An invocation is a single unit of work within a workload. The agent and/or skill fields name what handles it; the payload is opaque to the transport layer — only the agent/skill interprets it.

interface InvocationInput {
  workload_id: string;               // the workload this invocation belongs to
  agent?: string;                    // agent persona to use (optional)
  skill?: string;                    // skill procedure to follow (optional)
  payload: unknown;                  // agent/skill-specific, opaque to transport
  options?: {
    runtime?: string;                // override default runtime
    model?: string;                  // override default model
    priority?: number;
    timeout?: number;
    redact?: string[];               // additional fields to strip from output
    ephemeral?: boolean;             // don't persist result (sensitive workload)
  };
}

At least one of agent or skill is required. When both are set, the agent's SOUL is composed with the skill's body to form the system prompt.

Agent and Skill Dispatch

The daemon resolves agent and skill against discovered registries (agents/<name>/SOUL.md, skills/<name>/SKILL.md). New agents or skills never require API changes — they only require a new directory under the corresponding tree.

Security Model

Trusted Execution Boundary

Client (untrusted)                 Daemon (trusted)
──────────────────                 ────────────────
authenticate ─────────────────────→ create workload
                                    ↓ attach scopes, KB refs, secret namespaces
 
submit task (kind + payload) ─────→ hydrate from workload:
                                      • inject secrets (API keys, tokens)
                                      • attach KB context (docs, policies)
                                      • merge workload history (prior outputs)
                                    ↓
                                    execute skill
                                    ↓
                                    sanitize output (redact secrets, PII)
                                    ↓
stream result ←────────────────────← deliver sanitized result

The developer submits intent ("review this PR against our security policy"). The daemon knows where the policy lives, has the credentials to fetch it, and returns findings without leaking either.

Authentication

Bearer token auth on every HTTP request and WebSocket upgrade.

# bento.yaml
auth:
  tokens:
    - id: cli-prod
      secret: "hsk_..."
      scopes: ["pipelines:*", "agents:*"]
    - id: ci-runner
      secret: "hsk_..."
      scopes: ["pipelines:review"]

Scopes control which skills, secrets, and KB sources a client can access within its workloads.

Secret Isolation

Secrets are stored in the daemon's secret backend, referenced by namespace — never by value in the API. A workload declares which namespaces it has access to (bounded by the client's scopes). Skills resolve secrets at execution time (e.g. secrets.get("github.token")).

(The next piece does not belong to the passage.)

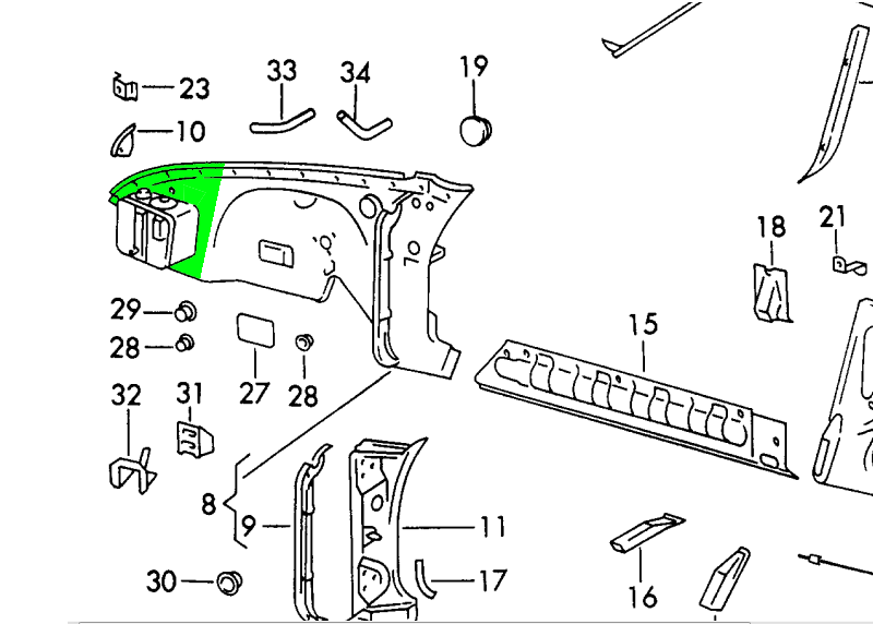 Pannelli di restauro per parafanghi e ali interne in stile OEM che garantiscono resistenza strutturale e precisione di montaggio per le riparazioni della carrozzeria Porsche.

If a skill output accidentally contains a secret value, the sanitizer strips it before streaming to the client.

Ephemeral Execution

Tasks marked ephemeral: true leave no trace in the event store. Results are delivered over the WebSocket and discarded. For workloads involving company secrets that shouldn't persist.

API Surface

The daemon exposes three interfaces on the same Hono server and port. All share the same bearer token auth middleware.

CLI scope

The bento CLI is scoped to system lifecycle management of the daemon process — start, stop, restart, status, logs, install/uninstall (systemd), and queue ops. It is not a transport for domain operations. Workload submission, skill invocation, and agent operations are exclusively exposed through the daemon's network transports (REST, WebSocket, MCP) below.

REST (human / automation clients)

POST   /workloads                  → open workload
DELETE /workloads/:id              → close/teardown workload
 
POST   /workloads/:id/tasks        → submit task within workload
GET    /workloads/:id/tasks/:id    → poll task status/result
DELETE /workloads/:id/tasks/:id    → cancel task
 
GET    /health                     → liveness check

WebSocket (real-time streaming)

WS     /workloads/:id/stream       → real-time progress + results for all tasks

MCP (agent-to-agent interface)

GET    /mcp                        → SSE transport for MCP protocol
POST   /mcp                        → MCP message endpoint

The daemon exposes an MCP server at /mcp via SSE transport. Any MCP-capable client (Claude, pi, Codex, or any agent runtime) gets workload submission as standard tool calls — no custom SDK required.

Tools:

Tool	Description
`create_workload`	Open a workload with scopes, KB refs, TTL
`submit_invocation`	Submit an invocation to an agent and/or skill
`get_invocation`	Poll invocation status and result
`cancel_invocation`	Cancel a running invocation
`list_invocations`	List invocations in a workload
`close_workload`	Teardown a workload
`list_workloads`	List active workloads for the authenticated client

Resources:

URI Pattern	Description
`kb://{source}`	Read KB material (scoped by workload)
`workload://{id}`	Workload state and accumulated context

Secret injection and output sanitization apply identically — the MCP layer never exposes secret values in tool results or resources.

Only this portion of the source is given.